PRIVATE LIVES (1931) B/W 85m dir: Sidney Franklin

w/Norma Shearer, Robert Montgomery, Reginald Denny, Una Merkel, Jean Hersholt, George Davis

Americanizing Noel Coward's comedy works surprisingly well. Shearer is up to the repartee and works well with Montgomery. Deft direction from the normally plodding Franklin compounds the surprises.

From The Movie Guide: "PRIVATE LIVES is one of those enduring scripts that can't be hurt, even by ordinary actors; in the case of this film, the acting is excellent, and the result is charming. Norma Shearer and Robert Montgomery play Amanda and Elyot, a once-married couple who have divorced and wed other mates. He's now married to Sibyl (Merkel) and she to Victor (Denny). Both Sibyl and Victor are conservative sorts, devoid of the joy and madness that once attracted Amanda and Elyot to one another.
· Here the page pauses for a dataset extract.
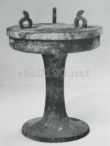 青銅 通高24.2 口径18.9 重2.4kg 1977年中山王(興+昔)墓出土 食器。一対出土。ラッパ形台座,細長の支柱,平底,器壁は垂直な浅盤。蓋の上は平らで縁は直角に下に折れている。上には等間隔の雲形鈕三つ。出所:「中山王国文物展」-中国戦国時代の雄

By a coincidence, both couples are honeymooning at the French hotel where Amanda and Elyot had spent their first two weeks of marriage years before. ... Noel Coward wrote and starred in PRIVATE LIVES onstage with Gertrude Lawrence in a 1930 London production, then brought it to New York with Laurence Olivier and Jill Esmond in the secondary roles. Producer Irving Thalberg, Shearer's husband, made a film record of this production to aid cast and crew in bringing its unique flavor to the cinema. One of the film's joys is that it achieves a faithful reproduction of the original without seeming a mere copy. The actors don't convince as British (only Denny was), but that really doesn't matter. Shearer and Montgomery attack their roles with such zest and comic elan that we don't miss the spirits of Noel and Gerty hanging around. Opening up the play for a spot of mountain climbing (and a very pre-Code sleeping scene), director Franklin does a fine job in preventing his film from becoming stagy."